> A C programmer who doesn't check the validity of pointers passed to functions and subsequently causes a NULL dereference is not a C programmer I want on my team.

I disagree. Interfaces in C need to carefully document their expectations and do exactly that amount of checking, not more. Documentation should replace a strong type system, not runtime checks. Code filled with NULL checks and other defensive maneuvers is far less readable. You could argue for more defensive checking at a library boundary, and this is exactly what the article pushes for: push these checks up.

Security-critical code may be different, but in most cases an accidental NULL dereference is fine and will be caught by tests, sanitizers, or fuzzing.

I agree with that. If a function "can't" be called with a null pointer, but is, that's a very interesting bug that should expose itself as quickly as possible. It is likely hiding a different and more difficult to detect bug.

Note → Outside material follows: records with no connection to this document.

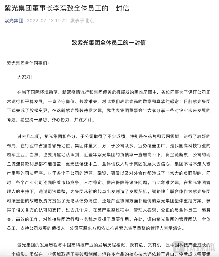 7月13日,据紫光集团公众号,李滨首次以紫光集团新任董事长身份发布“致全体员工的一封信”,第一次****公布了新管理层对集团未来发展的计划。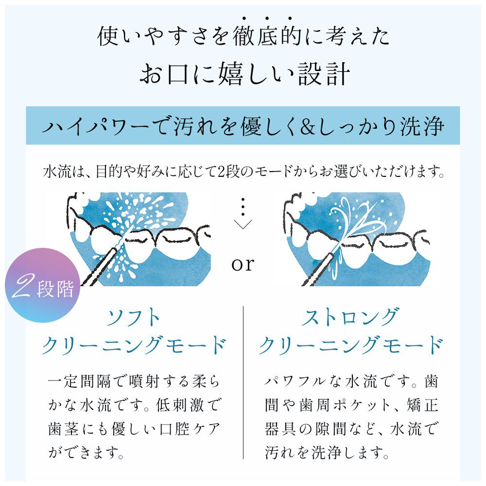 水だけのウルトラパワーにより約28〜38秒で、歯ブラシやフロスが届きにくい歯間や歯周ポケットの汚れを洗浄します(※1)。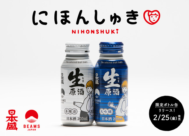 日本盛株式会社(本社:兵庫県西宮市、代表取締役社長:森本 太郎)は、BEAMS JAPAN(ビームス ジャパン)と昨年12月からスタートした両社初のコラボレーションプロジェクト「にほんしゅき」の第2弾商品として「日本盛 生原酒200mlボトル缶 BEAMS JAPANデザインボトル(本醸造、大吟醸)」を2022年2月25日(金)より期間・数量限定で発売いたします。本プロジェクトは、さまざまな日本文化の魅力を2016年から発信してきたBEAMS JAPANと共に、130年以上日本酒における革新を続けている当社の間で「日本が誇る文化資源である日本酒を、若者たちに日常で楽しんでもらいたい」という、相互共感が生まれたことで実現をいたしました。
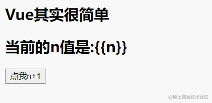 <h2>Vue其实很简单</h2><h2 v-pre>当前的n值是:{{n}}</h2><button @click="n++">点我n+1</button>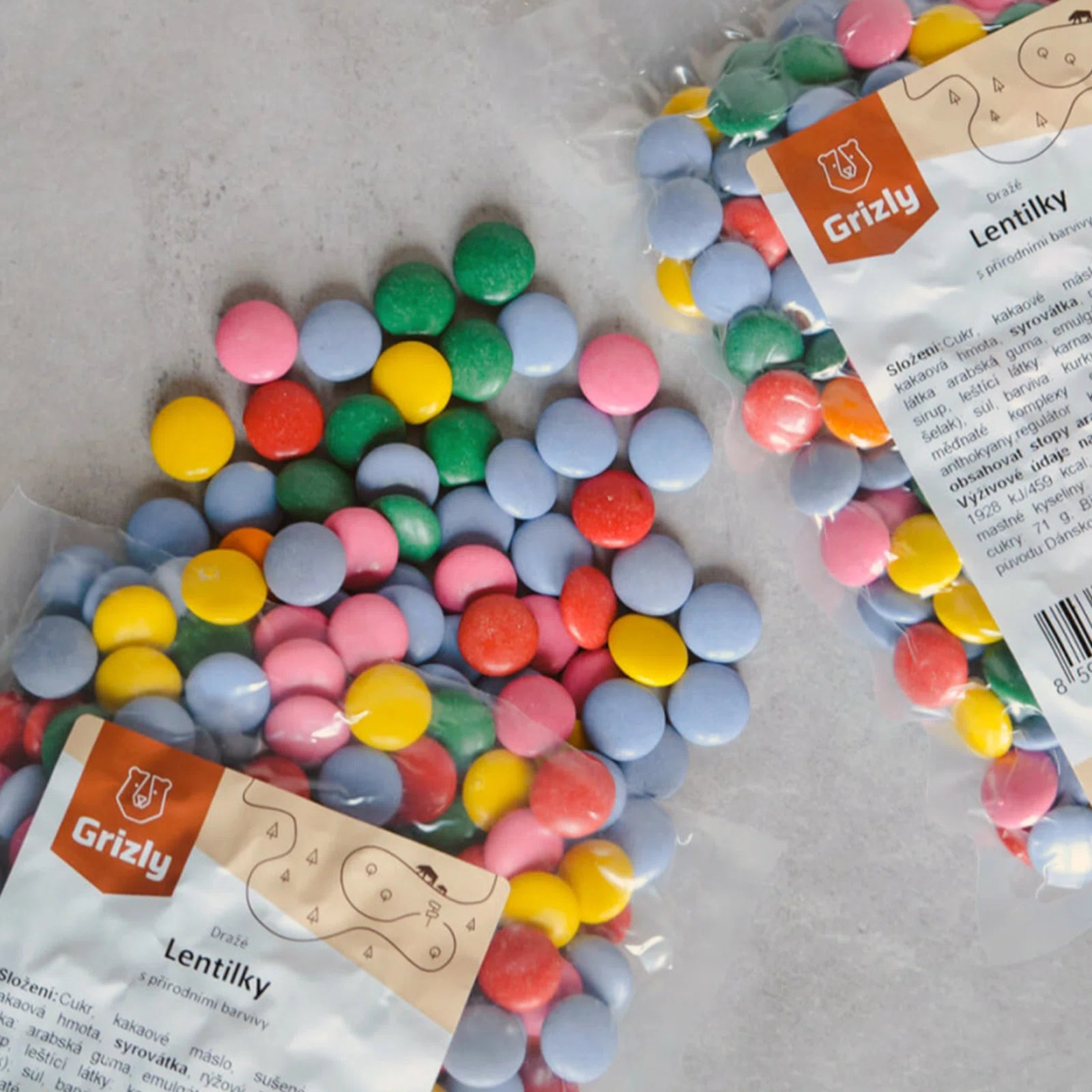 Oblíbené lentilky ve zdravější variantě? U nás v GRIZLY žádný problém, barevnosti jsme docílili za pomoci přírodních barviv, žádná chemie.

Checking for null in every function is a pattern you get into when the codebase violates so many internal invariants so regularly that it can't function without the null checks. But this is hiding careless design and implementation, which is going to be an even bigger problem to grapple with than random crashes as the codebase evolves.

Ultimately, if your problem today is that your program crashes, your problem tomorrow will be that it returns incorrect results. What's easier for your monitoring system to detect, a crashed program, or days of returning the wrong answer 1% of the time? The latter is really scary, depending on the program is supposed to do. Charge the wrong credit card, grant access when something should be private, etc. Those have much worse consequences than downtime. (Of course, crashing on user data is a denial of service attack, so you can't really do either. To really win the programming game, you have to return correct results AND not crash all the time.)

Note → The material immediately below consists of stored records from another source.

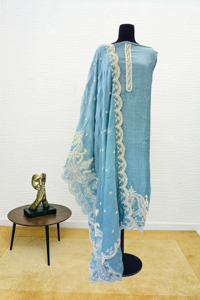 Embrace the timeless elegance with the exquisite rose pink chanderi comfortable (2.5 mtr) top material with straight slit neckline adored with intricate of white lace embroidery panel paired with self bottom (2.5 mtr) and beautifully complemented with a delicately embroidered dupatta making it a perfect choice for festive gathering, traditional events or elegant daywear.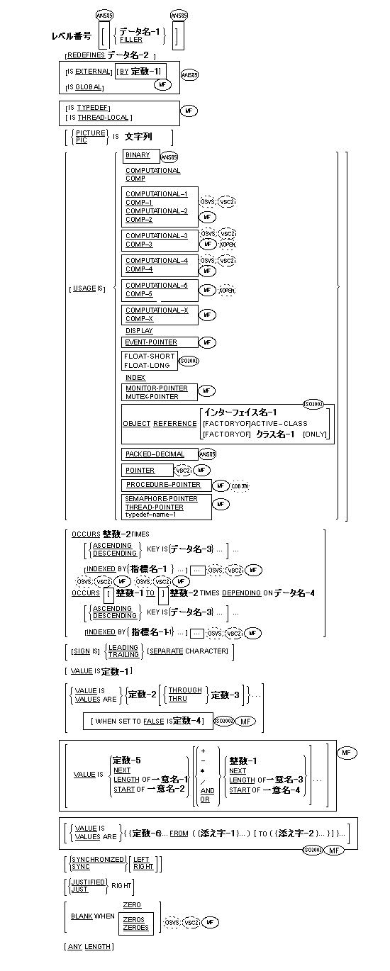 この付録では、このCOBOLシステムの構文を列挙する。この中には、Data General Interactive COBOL、 Ryan McFarland COBOL、Microsoft COBOLと互換性をもたせることだけを目的として用意されている構文は含まない。 これらの情報に関しては、COBOL言語リファレンス - 追加トピックのData General Interactive COBOL V1.3 構文支援機能、 Ryan McFarland COBOL V2.0 構文支援機能、Siemens BS2000 COBOL 構文支援機能 および Microsoft COBOL V1.0 and V2.0 構文支援機能の各章を参照。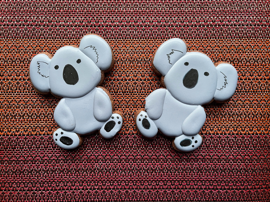 The simplest pair of this set… Koalas… Gray Royal icing flooded in stages, allowed to fully set, and a few details added with food safe pen.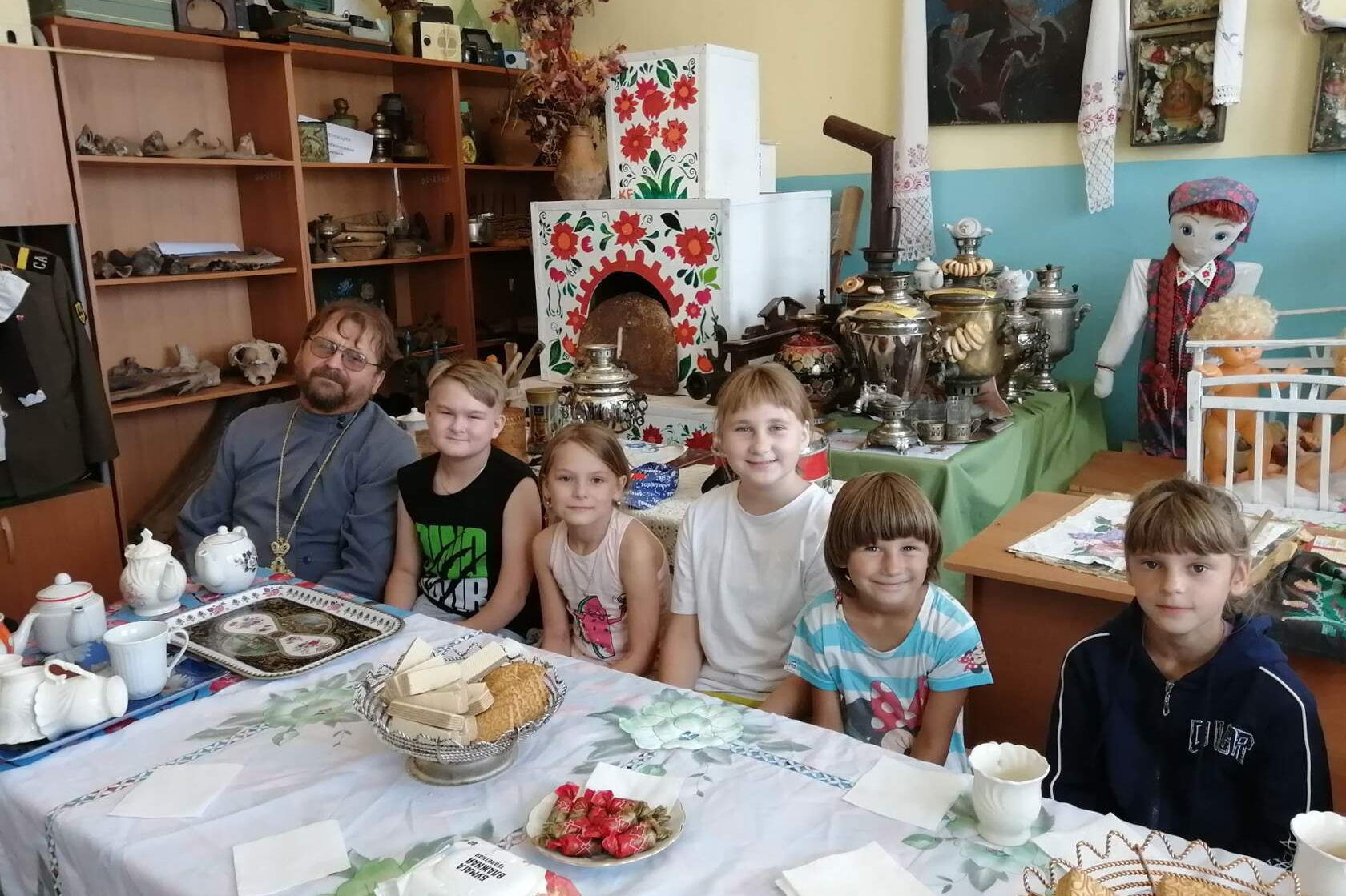 Отец Александр рассказал детям об истории иконы Казанской Божией Матери и об ачинском Казанском кафедральном соборе. За чаепитием ребята рассмотрели и другие иконы, приняли участие в играх и других активностях.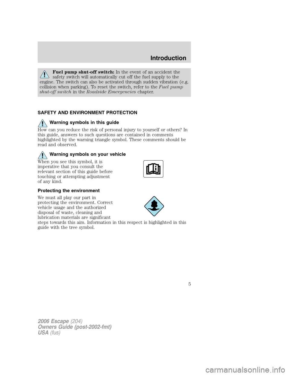 FORD ESCAPE 2006 1.G Owners Manual
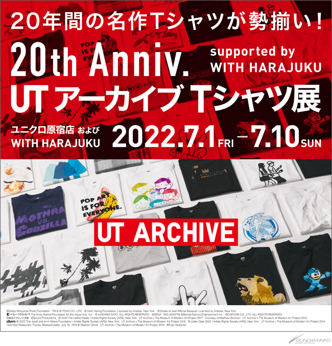 「UT」が20年目を迎えるメモリアルイヤーとなる今年、「UTアーカイブプロジェクト」を始動。その第1弾として、20年の軌跡を振り返る展覧会「20th UTアーカイブ Tシャツ展 supported by WITH HARAJUKU」を、7月1日(金)から10日(日)の期間限定で開催する。入場料無料。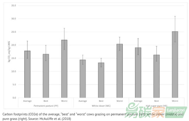 結(jié)果表明,飼喂白三葉草的牛的碳足跡最小,而來(lái)自常規(guī)農(nóng)場(chǎng)和純草農(nóng)場(chǎng)的牛碳足跡最大。這是因?yàn)榘兹~草系統(tǒng)不需要使用氮肥,避免了與施用氮肥相關(guān)的排放,而且也意味著氮肥生產(chǎn)的上游排放也得到了避免。

Yeah but, not checking for null in C can cause undefined behavior. One possible outcome of undefined behavior is that your program doesn't even crash, but rather continues running in a weird state. So such a bug doesn't always "expose itself".

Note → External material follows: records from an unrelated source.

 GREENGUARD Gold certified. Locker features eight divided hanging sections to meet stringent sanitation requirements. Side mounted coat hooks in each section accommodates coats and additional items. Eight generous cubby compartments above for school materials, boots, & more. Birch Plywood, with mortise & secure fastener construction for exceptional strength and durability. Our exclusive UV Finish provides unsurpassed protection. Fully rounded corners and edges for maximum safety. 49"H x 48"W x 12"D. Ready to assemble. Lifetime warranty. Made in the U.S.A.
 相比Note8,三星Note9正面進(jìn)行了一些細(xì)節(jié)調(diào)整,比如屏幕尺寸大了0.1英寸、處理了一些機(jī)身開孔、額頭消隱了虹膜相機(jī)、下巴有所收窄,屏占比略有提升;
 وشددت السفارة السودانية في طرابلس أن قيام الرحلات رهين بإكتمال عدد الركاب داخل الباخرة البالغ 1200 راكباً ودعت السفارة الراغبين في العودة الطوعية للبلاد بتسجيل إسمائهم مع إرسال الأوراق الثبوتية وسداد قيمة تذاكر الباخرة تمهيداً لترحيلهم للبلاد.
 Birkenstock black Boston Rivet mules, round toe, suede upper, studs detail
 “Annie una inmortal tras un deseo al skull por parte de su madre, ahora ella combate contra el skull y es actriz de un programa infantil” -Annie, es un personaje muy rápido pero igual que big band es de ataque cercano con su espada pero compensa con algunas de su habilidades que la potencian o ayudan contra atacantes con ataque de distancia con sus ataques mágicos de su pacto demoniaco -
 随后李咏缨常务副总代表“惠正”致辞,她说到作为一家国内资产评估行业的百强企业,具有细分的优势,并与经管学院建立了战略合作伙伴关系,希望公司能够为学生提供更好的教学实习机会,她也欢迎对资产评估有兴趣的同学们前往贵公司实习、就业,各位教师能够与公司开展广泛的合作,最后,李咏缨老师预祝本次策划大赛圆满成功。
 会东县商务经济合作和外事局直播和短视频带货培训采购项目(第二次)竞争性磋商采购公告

If we accept that bugs are inevitable, and that accidentally passing a null pointer to a function is a possible bug, then we also conclude that your code really should include non-null assertions that intentionally abort() the program. (Which run in debug/staging mode but can be disabled in release/production mode.)

Indeed, Rust's own standard library uses this method. There are lots of public-facing unsafe functions that can result in undefined behavior if called incorrectly. But if the standard library is compiled in debug mode (which currently requires the unstable flag -Zbuild-std), then it will activate assertions on many of these unsafe functions, so that they will print a message and abort the program if they detect invalid input.

The Rust compiler has even started recently to put extra checks on unsafe code in codegen, e.g. on raw pointer dereference to check it is aligned.

That raises a more general point. When you can't or don't have compile-time checks, removing run-time checks in production amounts to wearing your seat belt only when driving around a parking lot and then unbuckling when you get on the highway. It's very much the Wrong Thing.

I wouldn't really characterize it that way. You (ideally) shouldn't be hitting code paths in production that you didn't ever hit in testing.

But, in any case, if you are fine with the slight performance hit (though many C/C++ projects are not), you can always just keep assertions enabled in production.

Very good point. For C, I like the idea of sticking an assertion in there.

assert_always(ptr != nullptr);

(custom assert_always macro, so it doesn't get compiled out in release builds)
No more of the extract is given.